All lines from the one containing "Lot #45 - SLEEPY ESF REVVED UP 845 ET" through the final line of the records below should be reproduced exactly, with the pictures left out.

## Stored entries:
((

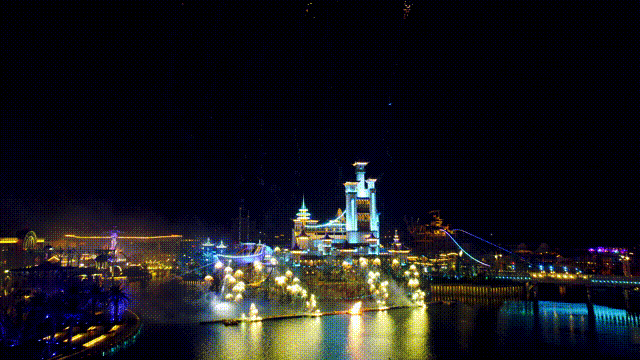 图/襄阳华侨城奇幻度假区夜幕下的奇幻谷,满满奇幻与浪漫。焰火光影落入汉水一路闪耀,星河灿烂,焰火绽放,这里便是人间浪漫的极致。
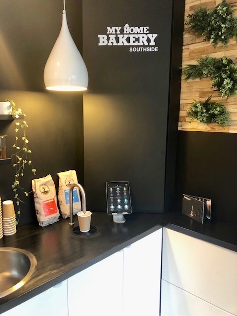 (My Home Bakery) My Home Bakery select TopBrewer with dual-milk fridge to serve premium coffee with non-dairy drink options.
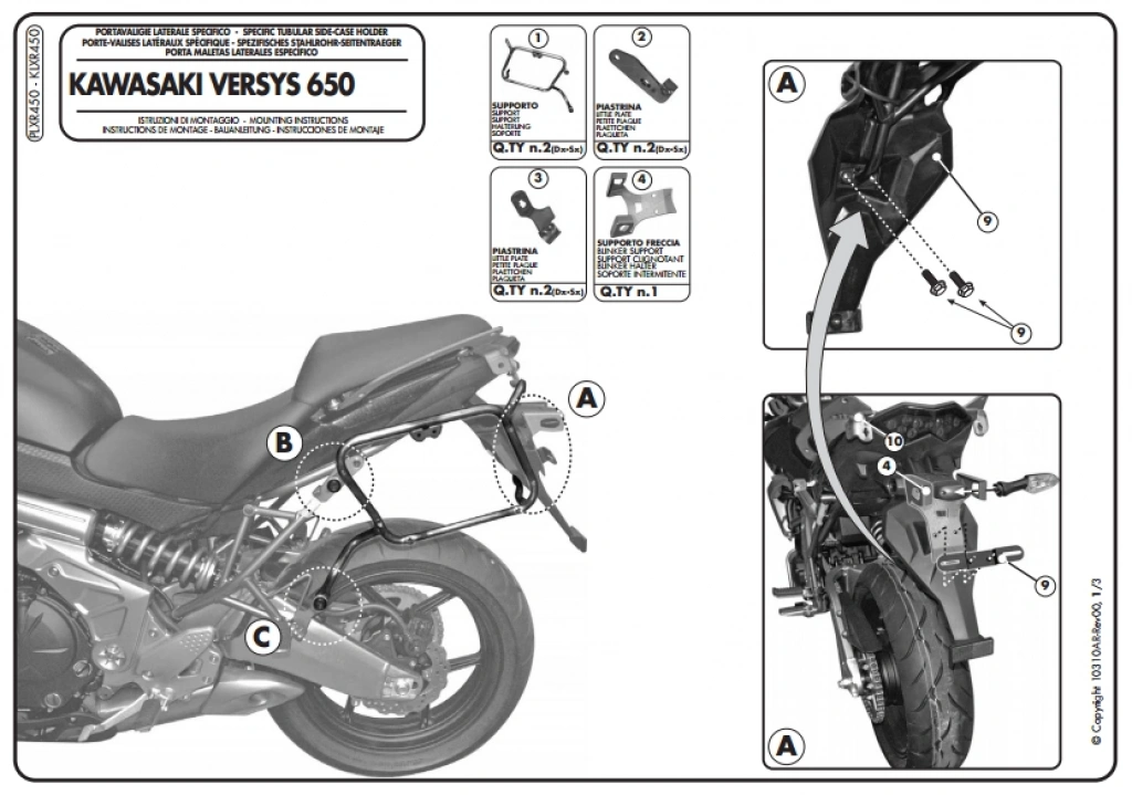 YAN ÇANTA TAŞIYICI Model: KAWASAKI VERSYS 650 (2010-2014)Ürün No : PLXR450Bağlantı Şekli : DirektSADECE GIVI V35 VE V37 ÇANTA İLE UYUMLUDUR.Not : Arka çanta taşıyıcınız yoksa 450KIT kullanılarak monte edilebilir. Arka çantanız varsa direk monte edilebilir. Ürün pdf dosyasını indirmek için tıklayınız
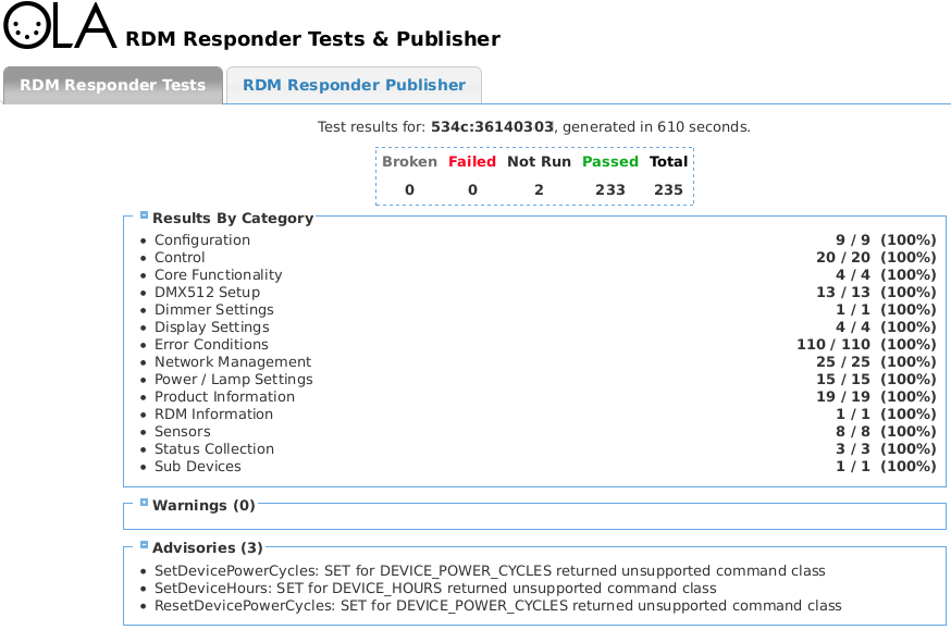 The RDM integrity test checks all RDM calls using 318 tests. The result speaks for itself: 100% passed.
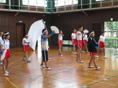 3年生は、「友の友による友のための『友よ』」です。クレヨンしんちゃんの映画主題歌の曲に合わせ、大きなフラッグを使ってダンスをします。今日は、隊形移動を中心に練習を行いました。
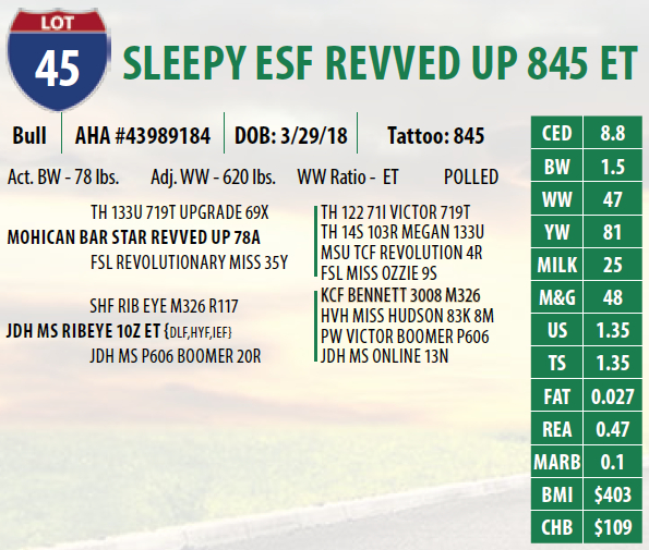 Lot #45 - SLEEPY ESF REVVED UP 845 ET
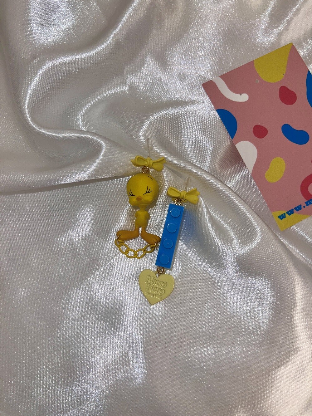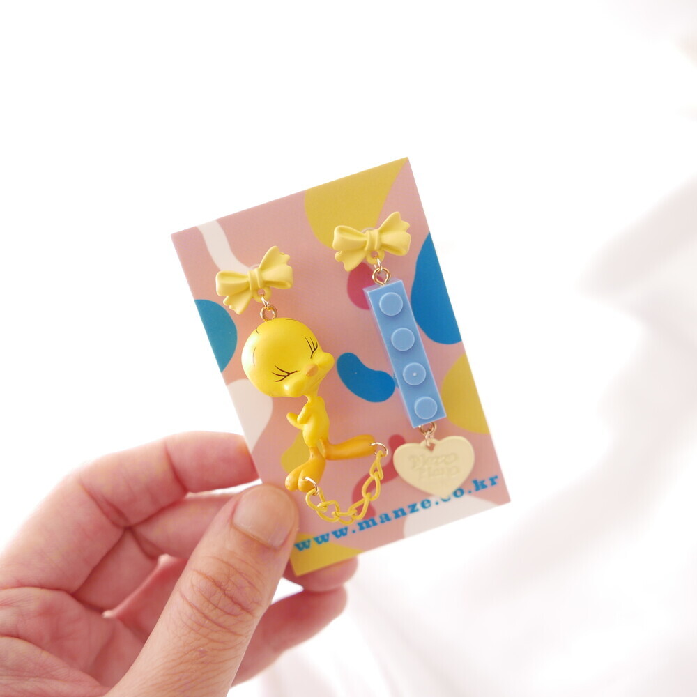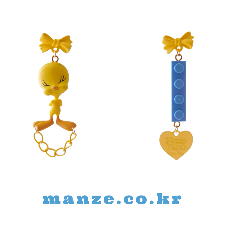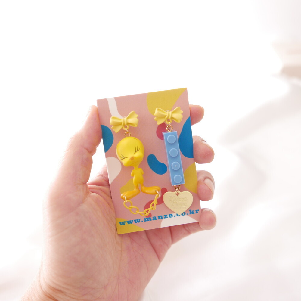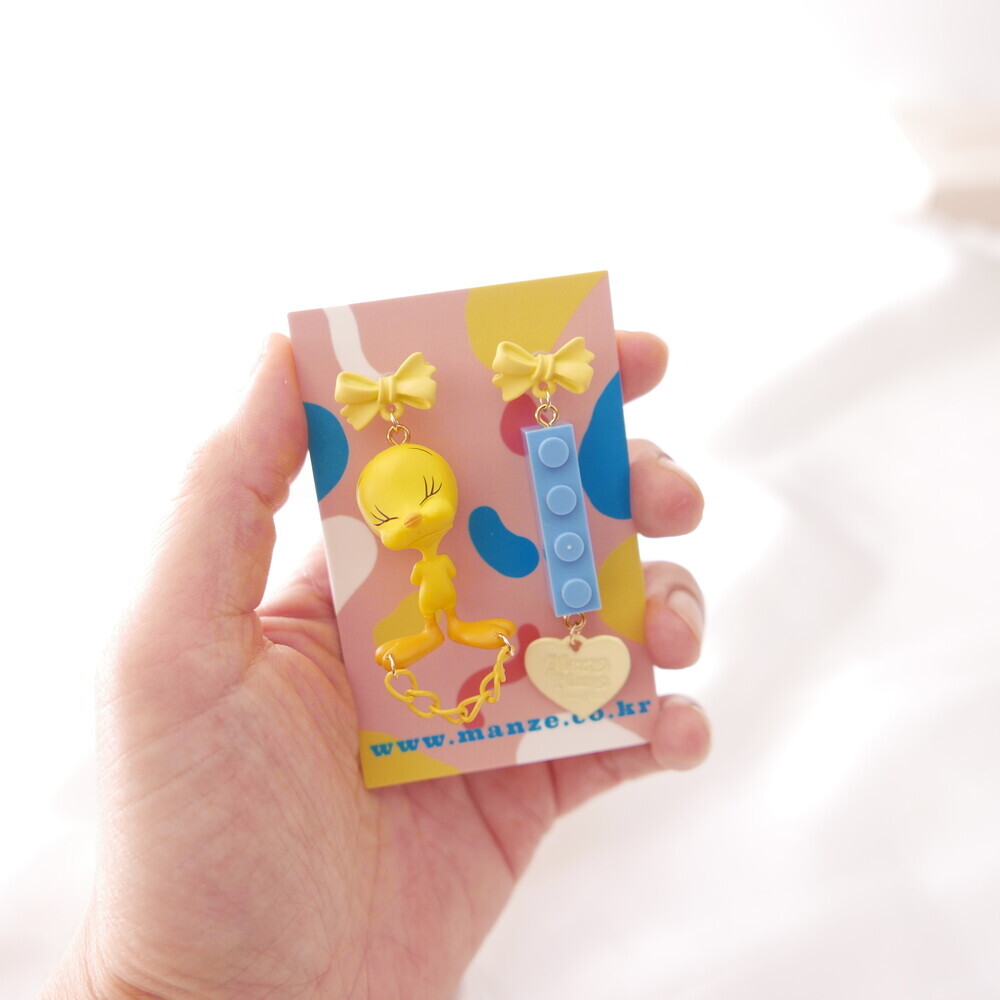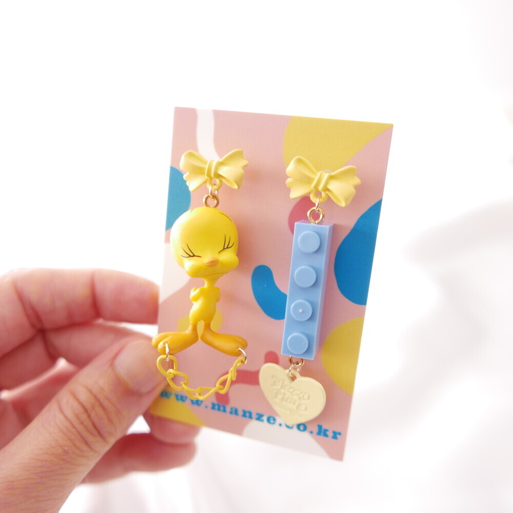 A charming and quirky pair of earrings featuring the adorable face of Tweety ๐. With yellow ribbon-style studs, playful chain and heart details, and a contrasting blue LEGO-style charm, this piece delivers a fun and kitschy vibe. Perfect for lovers of character accessories and unique styles.

))

## RESPONSE:
 Lot #45 - SLEEPY ESF REVVED UP 845 ET
 A charming and quirky pair of earrings featuring the adorable face of Tweety ๐. With yellow ribbon-style studs, playful chain and heart details, and a contrasting blue LEGO-style charm, this piece delivers a fun and kitschy vibe. Perfect for lovers of character accessories and unique styles.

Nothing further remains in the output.